→ Task instructions
Answer with a number only: how many lines of the entries below contain the word "from"?

→ Supplied material
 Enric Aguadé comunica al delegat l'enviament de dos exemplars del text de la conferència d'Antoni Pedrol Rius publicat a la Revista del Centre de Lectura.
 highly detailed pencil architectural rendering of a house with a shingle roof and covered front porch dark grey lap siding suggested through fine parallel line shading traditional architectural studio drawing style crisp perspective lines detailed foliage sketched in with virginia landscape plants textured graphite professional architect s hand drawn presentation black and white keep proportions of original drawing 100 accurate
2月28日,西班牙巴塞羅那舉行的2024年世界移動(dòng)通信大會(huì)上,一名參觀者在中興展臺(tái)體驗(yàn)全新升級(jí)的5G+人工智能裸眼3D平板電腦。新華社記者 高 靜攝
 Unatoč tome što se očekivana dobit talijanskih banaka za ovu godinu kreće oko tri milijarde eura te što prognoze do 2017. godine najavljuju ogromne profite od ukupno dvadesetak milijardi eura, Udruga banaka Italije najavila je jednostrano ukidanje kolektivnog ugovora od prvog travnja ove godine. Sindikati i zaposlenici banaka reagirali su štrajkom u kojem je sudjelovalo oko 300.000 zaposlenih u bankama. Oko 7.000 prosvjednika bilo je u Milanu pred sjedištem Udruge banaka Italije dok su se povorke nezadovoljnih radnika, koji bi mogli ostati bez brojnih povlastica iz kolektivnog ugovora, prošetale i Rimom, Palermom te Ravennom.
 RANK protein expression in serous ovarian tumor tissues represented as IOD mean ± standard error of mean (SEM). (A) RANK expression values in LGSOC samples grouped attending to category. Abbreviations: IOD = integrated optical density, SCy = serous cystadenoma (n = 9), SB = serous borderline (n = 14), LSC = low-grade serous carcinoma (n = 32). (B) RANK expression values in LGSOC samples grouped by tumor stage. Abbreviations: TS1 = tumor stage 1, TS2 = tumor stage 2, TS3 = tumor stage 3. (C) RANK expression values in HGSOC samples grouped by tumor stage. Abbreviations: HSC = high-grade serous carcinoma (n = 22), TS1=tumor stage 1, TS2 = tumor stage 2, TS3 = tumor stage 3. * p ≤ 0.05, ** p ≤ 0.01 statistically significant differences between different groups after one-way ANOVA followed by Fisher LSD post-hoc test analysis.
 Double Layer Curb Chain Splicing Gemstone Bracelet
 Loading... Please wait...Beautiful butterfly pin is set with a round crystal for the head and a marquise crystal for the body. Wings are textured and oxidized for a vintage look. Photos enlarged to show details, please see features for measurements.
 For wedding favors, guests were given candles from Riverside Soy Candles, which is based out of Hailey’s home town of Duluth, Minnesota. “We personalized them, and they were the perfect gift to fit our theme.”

==

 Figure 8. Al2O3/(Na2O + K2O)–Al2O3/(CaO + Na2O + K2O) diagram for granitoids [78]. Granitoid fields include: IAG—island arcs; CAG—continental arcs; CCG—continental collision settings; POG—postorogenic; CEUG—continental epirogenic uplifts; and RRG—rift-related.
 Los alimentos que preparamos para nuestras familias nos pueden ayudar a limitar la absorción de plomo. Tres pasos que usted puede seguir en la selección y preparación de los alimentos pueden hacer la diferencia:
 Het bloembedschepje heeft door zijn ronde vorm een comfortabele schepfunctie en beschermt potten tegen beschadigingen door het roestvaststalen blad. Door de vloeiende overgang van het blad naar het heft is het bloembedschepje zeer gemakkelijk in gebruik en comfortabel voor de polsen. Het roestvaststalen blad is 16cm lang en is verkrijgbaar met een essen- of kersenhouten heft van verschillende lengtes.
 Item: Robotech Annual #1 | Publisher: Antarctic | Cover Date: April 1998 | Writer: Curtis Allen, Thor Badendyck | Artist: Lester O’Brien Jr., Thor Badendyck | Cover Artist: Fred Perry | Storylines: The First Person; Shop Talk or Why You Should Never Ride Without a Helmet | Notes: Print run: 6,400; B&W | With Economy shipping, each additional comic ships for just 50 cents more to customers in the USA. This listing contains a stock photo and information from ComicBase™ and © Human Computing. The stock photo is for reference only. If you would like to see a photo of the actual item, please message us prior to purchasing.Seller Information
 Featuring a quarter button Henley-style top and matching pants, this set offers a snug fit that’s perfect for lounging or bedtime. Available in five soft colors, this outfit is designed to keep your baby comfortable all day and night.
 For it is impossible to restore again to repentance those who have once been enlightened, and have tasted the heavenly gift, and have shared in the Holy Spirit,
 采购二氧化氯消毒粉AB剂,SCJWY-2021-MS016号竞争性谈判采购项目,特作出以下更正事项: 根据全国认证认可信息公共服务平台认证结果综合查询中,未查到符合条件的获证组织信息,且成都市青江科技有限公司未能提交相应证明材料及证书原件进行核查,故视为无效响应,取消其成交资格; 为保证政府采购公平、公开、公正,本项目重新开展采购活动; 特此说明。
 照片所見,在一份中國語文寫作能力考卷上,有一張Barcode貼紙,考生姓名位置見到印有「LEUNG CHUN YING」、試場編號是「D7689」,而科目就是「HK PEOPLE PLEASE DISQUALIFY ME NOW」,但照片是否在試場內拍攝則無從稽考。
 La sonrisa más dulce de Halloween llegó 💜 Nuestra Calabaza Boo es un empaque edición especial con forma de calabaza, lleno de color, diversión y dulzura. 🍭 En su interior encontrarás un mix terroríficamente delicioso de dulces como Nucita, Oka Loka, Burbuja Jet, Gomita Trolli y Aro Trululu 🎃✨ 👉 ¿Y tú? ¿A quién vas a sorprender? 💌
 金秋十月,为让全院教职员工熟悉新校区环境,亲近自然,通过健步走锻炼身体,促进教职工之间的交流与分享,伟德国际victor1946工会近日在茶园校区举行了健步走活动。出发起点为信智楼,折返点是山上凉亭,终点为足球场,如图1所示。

...

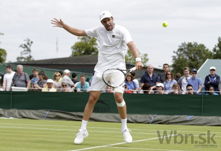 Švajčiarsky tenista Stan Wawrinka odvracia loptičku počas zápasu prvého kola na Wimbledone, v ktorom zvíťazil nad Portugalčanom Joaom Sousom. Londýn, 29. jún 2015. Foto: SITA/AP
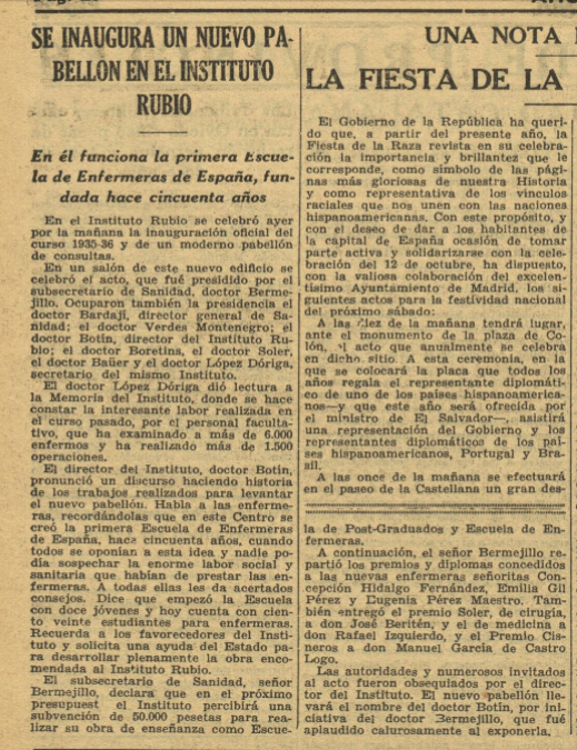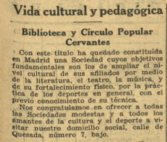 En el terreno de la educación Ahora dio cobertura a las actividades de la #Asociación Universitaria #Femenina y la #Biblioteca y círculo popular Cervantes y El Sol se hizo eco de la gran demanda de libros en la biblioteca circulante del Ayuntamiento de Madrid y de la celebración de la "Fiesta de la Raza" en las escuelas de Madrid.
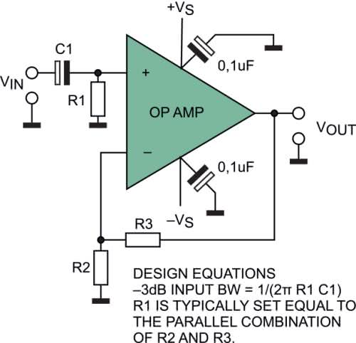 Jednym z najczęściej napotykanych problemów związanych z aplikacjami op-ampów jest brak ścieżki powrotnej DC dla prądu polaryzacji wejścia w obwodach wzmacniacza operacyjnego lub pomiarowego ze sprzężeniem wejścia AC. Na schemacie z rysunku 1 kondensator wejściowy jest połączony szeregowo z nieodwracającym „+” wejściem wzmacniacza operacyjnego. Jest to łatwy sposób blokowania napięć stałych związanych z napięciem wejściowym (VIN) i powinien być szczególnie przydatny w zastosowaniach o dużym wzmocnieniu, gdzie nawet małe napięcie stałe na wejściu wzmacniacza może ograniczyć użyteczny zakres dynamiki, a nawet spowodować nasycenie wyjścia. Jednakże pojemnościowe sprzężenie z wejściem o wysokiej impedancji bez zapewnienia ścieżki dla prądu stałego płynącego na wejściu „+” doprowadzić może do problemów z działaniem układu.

→ Solution to this exercise
2